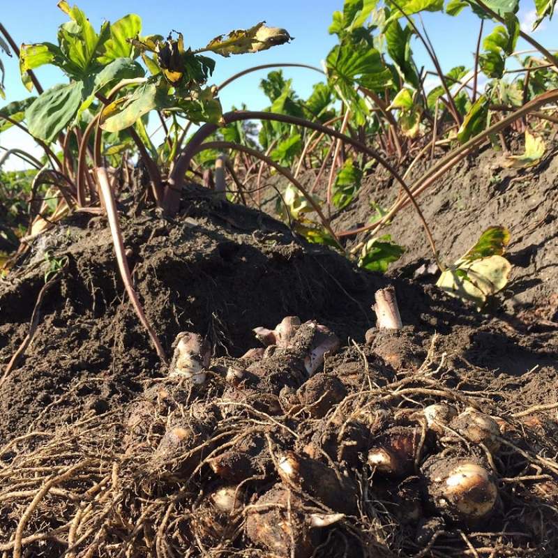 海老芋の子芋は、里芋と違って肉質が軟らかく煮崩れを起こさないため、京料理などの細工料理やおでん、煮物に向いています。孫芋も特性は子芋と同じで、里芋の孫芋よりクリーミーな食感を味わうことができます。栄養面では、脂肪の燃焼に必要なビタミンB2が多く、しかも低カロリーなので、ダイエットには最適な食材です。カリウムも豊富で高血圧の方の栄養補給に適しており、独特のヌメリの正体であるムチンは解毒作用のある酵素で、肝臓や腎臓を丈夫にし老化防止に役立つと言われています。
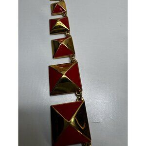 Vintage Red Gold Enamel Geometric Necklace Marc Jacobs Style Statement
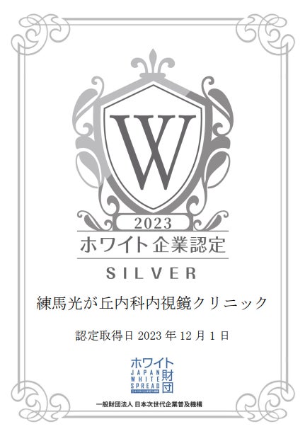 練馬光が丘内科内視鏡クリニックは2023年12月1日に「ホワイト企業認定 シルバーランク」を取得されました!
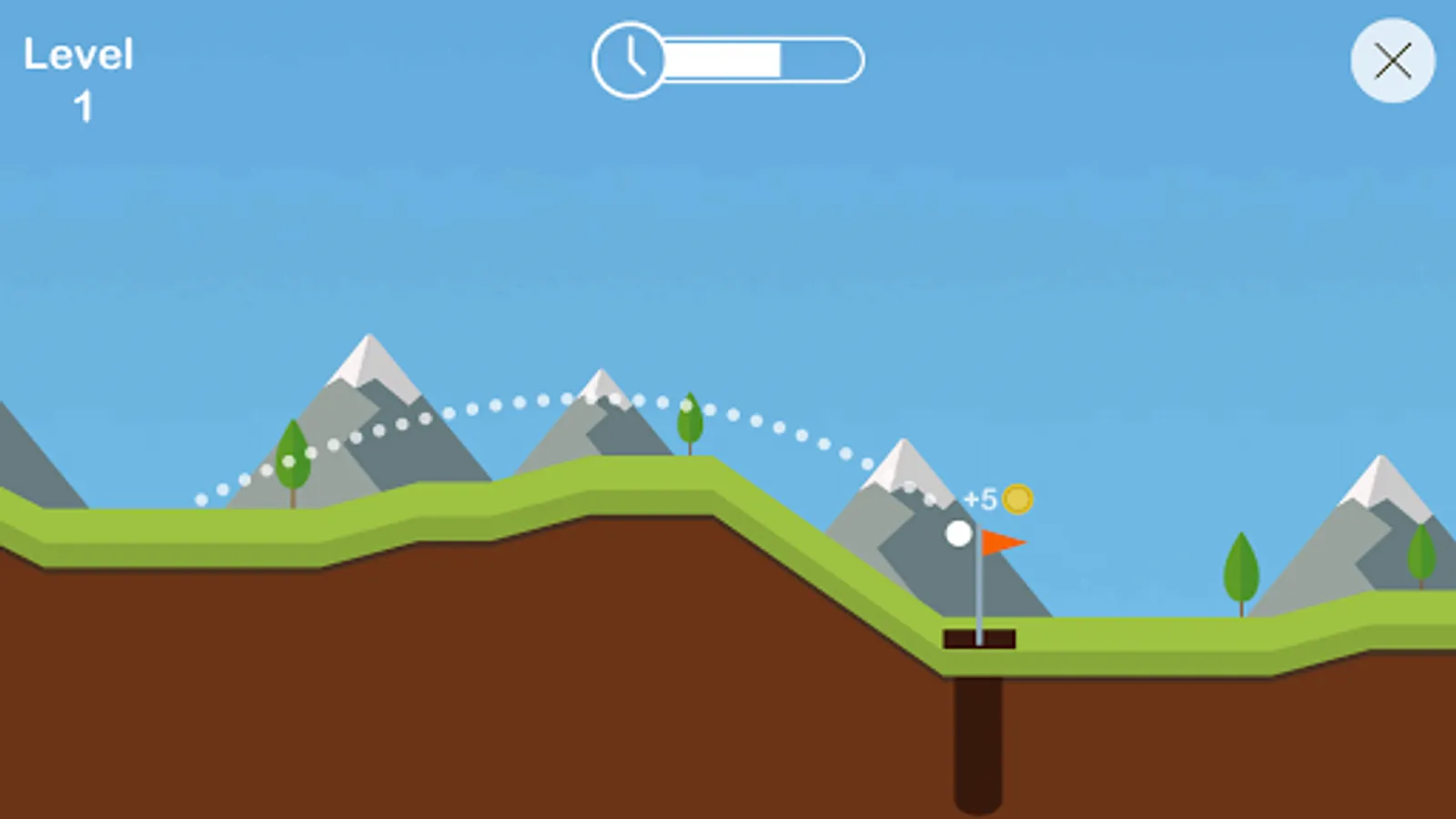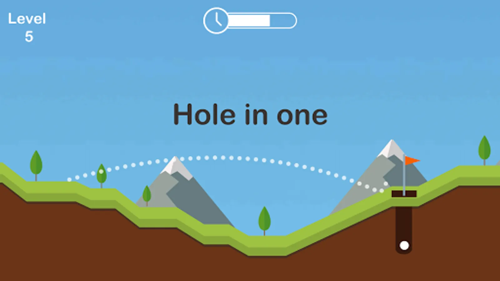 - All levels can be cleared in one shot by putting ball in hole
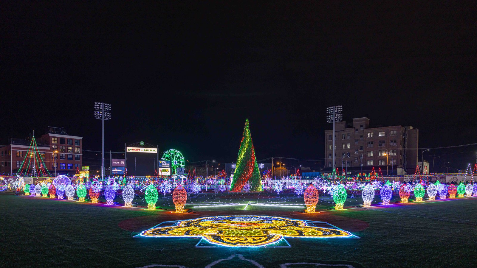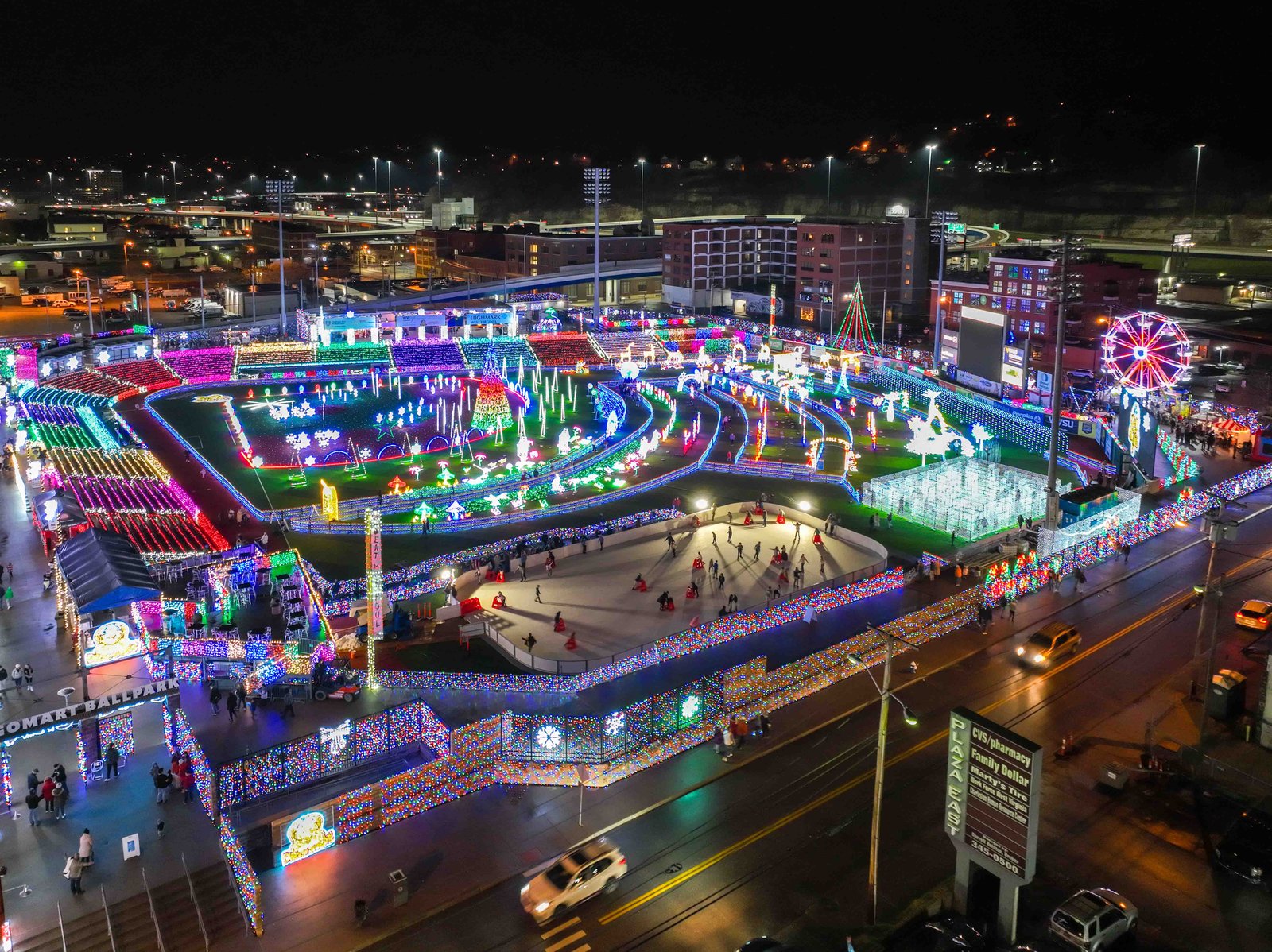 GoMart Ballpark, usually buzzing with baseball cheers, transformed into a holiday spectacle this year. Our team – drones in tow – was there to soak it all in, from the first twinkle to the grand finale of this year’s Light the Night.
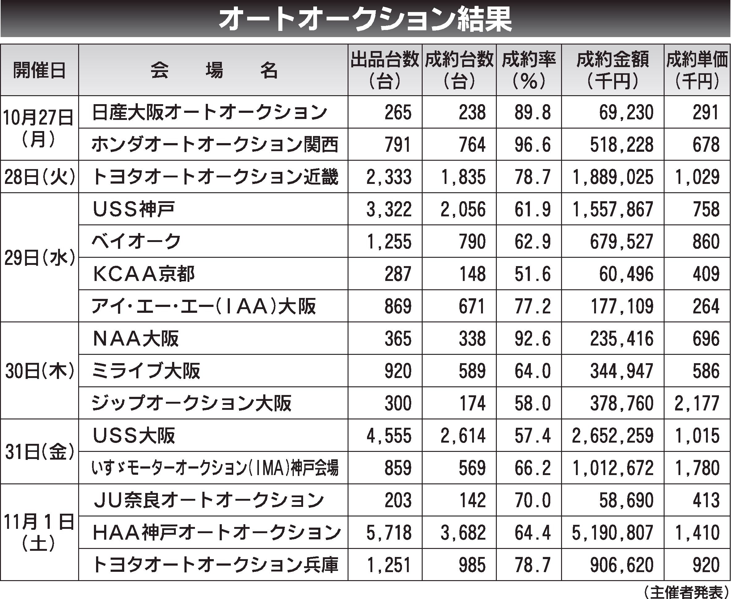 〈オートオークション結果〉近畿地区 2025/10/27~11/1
_ _ _ _ _
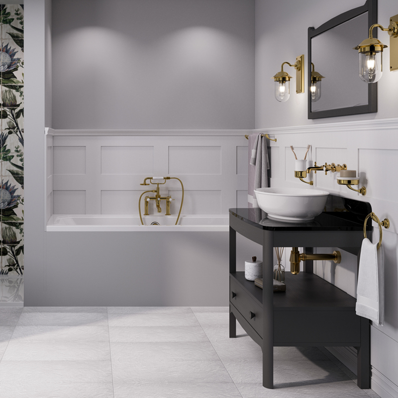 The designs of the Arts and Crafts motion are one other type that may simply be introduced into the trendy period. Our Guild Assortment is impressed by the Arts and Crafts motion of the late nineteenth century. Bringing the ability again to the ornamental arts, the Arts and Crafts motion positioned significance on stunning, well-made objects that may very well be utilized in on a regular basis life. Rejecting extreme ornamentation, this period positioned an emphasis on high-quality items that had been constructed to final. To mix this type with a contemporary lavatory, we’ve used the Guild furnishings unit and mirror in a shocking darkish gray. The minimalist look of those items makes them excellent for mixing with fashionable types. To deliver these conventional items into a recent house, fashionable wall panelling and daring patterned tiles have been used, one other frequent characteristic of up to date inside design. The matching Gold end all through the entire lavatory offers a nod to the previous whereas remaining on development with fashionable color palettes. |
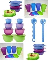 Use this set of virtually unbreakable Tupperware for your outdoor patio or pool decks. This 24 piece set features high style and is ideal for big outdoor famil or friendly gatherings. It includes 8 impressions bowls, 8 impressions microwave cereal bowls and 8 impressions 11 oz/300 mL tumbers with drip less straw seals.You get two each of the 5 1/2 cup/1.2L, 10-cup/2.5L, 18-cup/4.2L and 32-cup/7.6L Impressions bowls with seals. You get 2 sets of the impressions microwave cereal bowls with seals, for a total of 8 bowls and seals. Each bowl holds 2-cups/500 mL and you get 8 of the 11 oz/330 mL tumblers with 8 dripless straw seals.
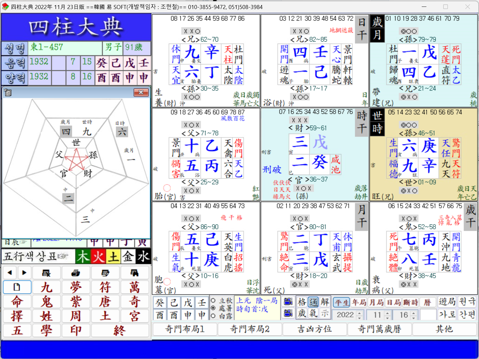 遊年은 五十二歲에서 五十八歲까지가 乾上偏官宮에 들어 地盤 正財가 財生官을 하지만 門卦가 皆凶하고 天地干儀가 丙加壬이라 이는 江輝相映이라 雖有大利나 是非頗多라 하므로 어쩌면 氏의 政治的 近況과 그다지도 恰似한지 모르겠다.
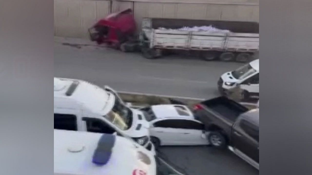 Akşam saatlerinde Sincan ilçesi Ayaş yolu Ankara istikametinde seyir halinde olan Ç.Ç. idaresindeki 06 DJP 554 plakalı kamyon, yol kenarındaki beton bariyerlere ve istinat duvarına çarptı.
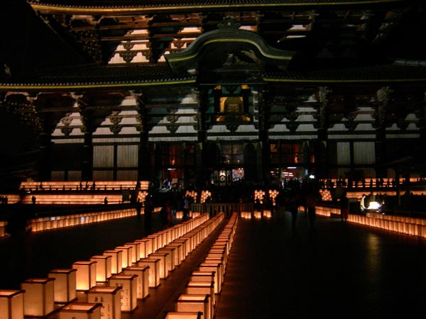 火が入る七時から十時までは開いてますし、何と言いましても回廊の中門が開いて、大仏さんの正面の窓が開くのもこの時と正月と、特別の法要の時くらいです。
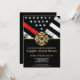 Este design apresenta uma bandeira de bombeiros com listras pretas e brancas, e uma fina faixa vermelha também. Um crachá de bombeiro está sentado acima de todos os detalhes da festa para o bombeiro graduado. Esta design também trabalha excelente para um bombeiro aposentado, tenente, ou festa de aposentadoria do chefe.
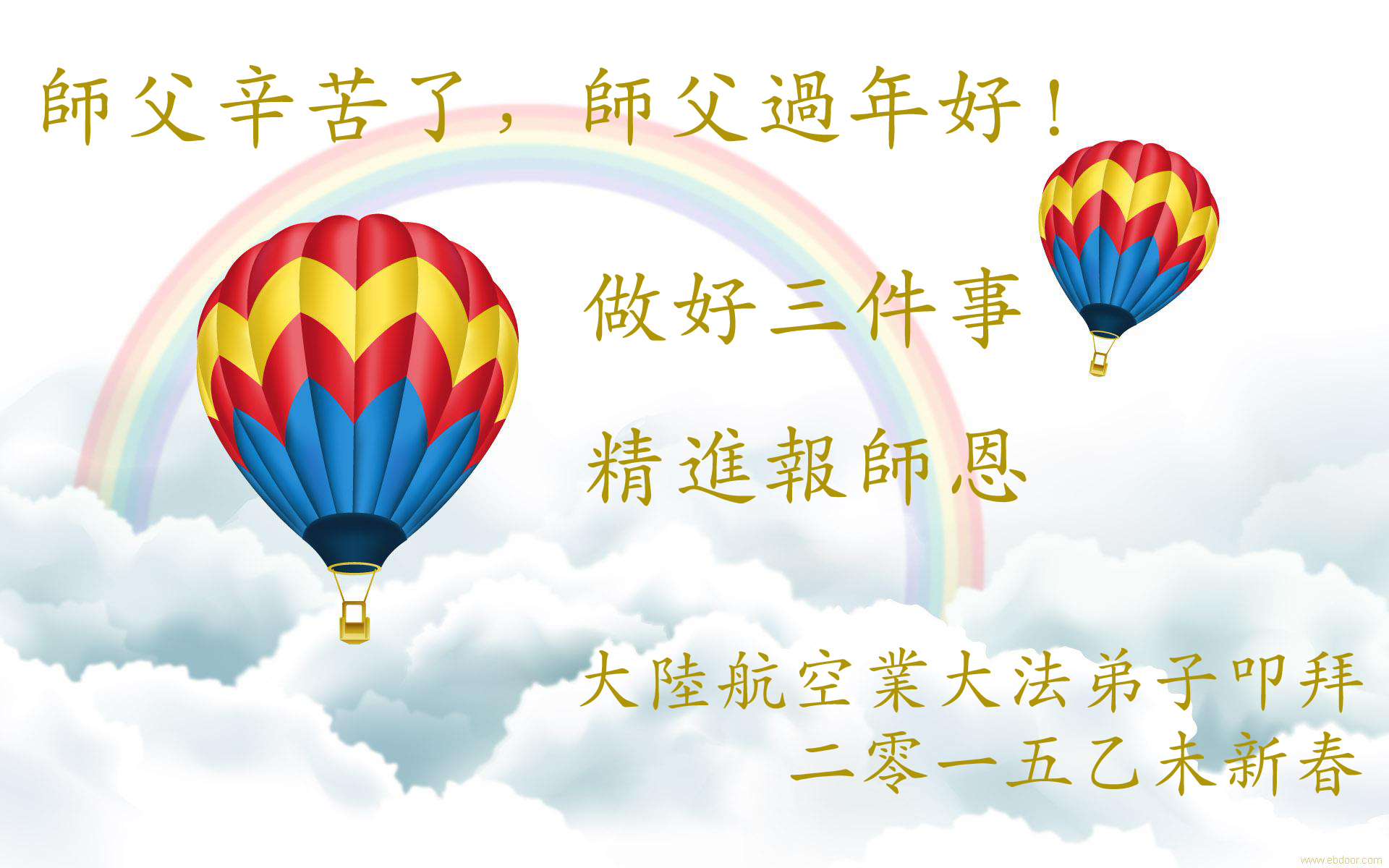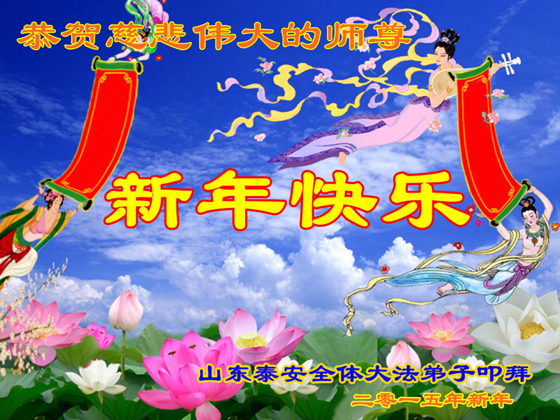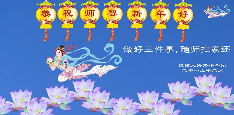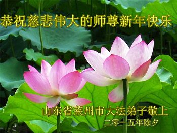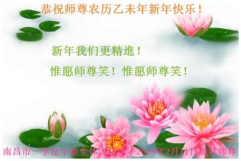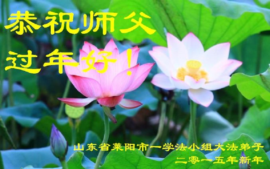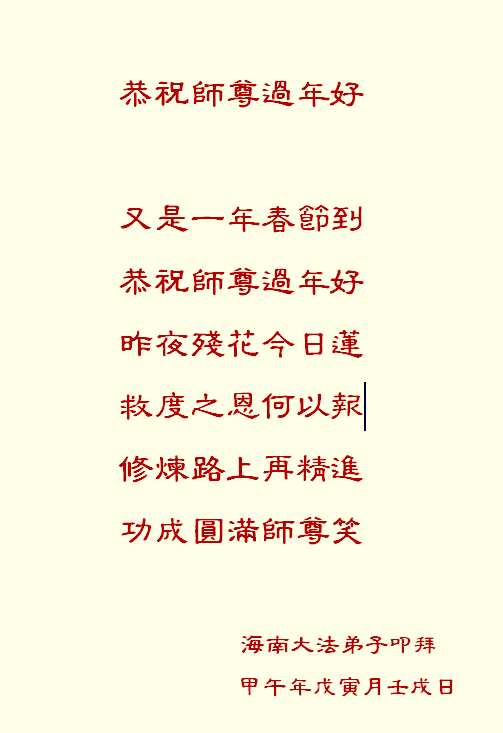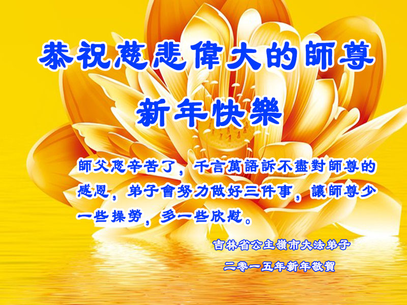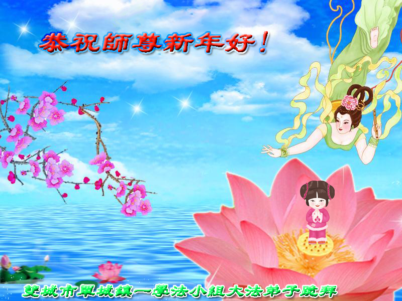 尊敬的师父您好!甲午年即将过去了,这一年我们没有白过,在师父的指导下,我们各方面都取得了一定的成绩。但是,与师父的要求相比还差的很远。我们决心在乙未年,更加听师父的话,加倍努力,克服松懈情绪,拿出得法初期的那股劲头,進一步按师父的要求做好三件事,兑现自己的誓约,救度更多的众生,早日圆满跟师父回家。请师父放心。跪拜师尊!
_ _ _ _ _
**WHAT YOU ARE ASKED TO DO**
Repeat exactly the lines above, beginning at the one containing "火が入る七時から十時までは開" and ending at the one containing "尊敬的师父您好!甲午年即将过". Do not carry over any pictures.

**FINAL ANSWER**
 火が入る七時から十時までは開いてますし、何と言いましても回廊の中門が開いて、大仏さんの正面の窓が開くのもこの時と正月と、特別の法要の時くらいです。
 Este design apresenta uma bandeira de bombeiros com listras pretas e brancas, e uma fina faixa vermelha também. Um crachá de bombeiro está sentado acima de todos os detalhes da festa para o bombeiro graduado. Esta design também trabalha excelente para um bombeiro aposentado, tenente, ou festa de aposentadoria do chefe.
 尊敬的师父您好!甲午年即将过去了,这一年我们没有白过,在师父的指导下,我们各方面都取得了一定的成绩。但是,与师父的要求相比还差的很远。我们决心在乙未年,更加听师父的话,加倍努力,克服松懈情绪,拿出得法初期的那股劲头,進一步按师父的要求做好三件事,兑现自己的誓约,救度更多的众生,早日圆满跟师父回家。请师父放心。跪拜师尊!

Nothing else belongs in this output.